BRIEF DESCRIPTION OF THE DRAWINGS
[0020] FIG. 1 is a schematic flow chart illustrating the process of
producing bio-ethanol and creating whole stillage as a by-product
of said production of bio-ethanol.
[0021] FIG. 2 is a schematic flow chart illustrating the processing
of the whole stillage of the bio-ethanol production of FIG. 1
according to the prior art.
[0022] FIG. 3 is a schematic flow chart illustrating the processing
of the whole stillage of the bio-ethanol production of FIG. 1
according to the invention, in order to increase the yield of oil
production in the production of bio-ethanol.
[0023] FIG. 4 is a longitudinal sectional view of a first
embodiment of a device for increasing the yield of oil production
in the process of producing bio-ethanol according to the
invention.
[0024] FIG. 5 is a longitudinal sectional view of a device similar
to FIG. 4 modified according to the invention.
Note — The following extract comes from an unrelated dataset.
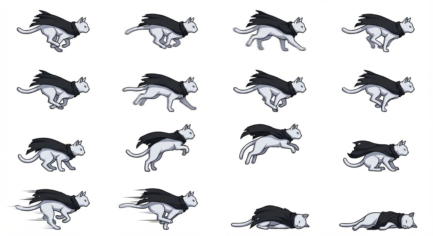 "white cat in a black shredded cloak running on all four, VERY fast for 8 frames, have a jumping animation thatis 4 frames, 2 frames for a dash and 2 frames for a death"

[0025] FIG. 6 is a longitudinal sectional view of a second
embodiment of a device for increasing the yield of oil production
in the process of producing bio-ethanol according to the
invention.
[0026] FIG. 7 is a longitudinal sectional view of a device similar
to FIG. 6 modified according to the invention.
[0027] FIG. 8 is a longitudinal sectional view of a third
embodiment of a device for increasing the yield of oil production
in the process of producing bio-ethanol according to the
invention.
[0028] FIG. 9 is a longitudinal sectional view of a device similar
to FIG. 8 modified according to the invention.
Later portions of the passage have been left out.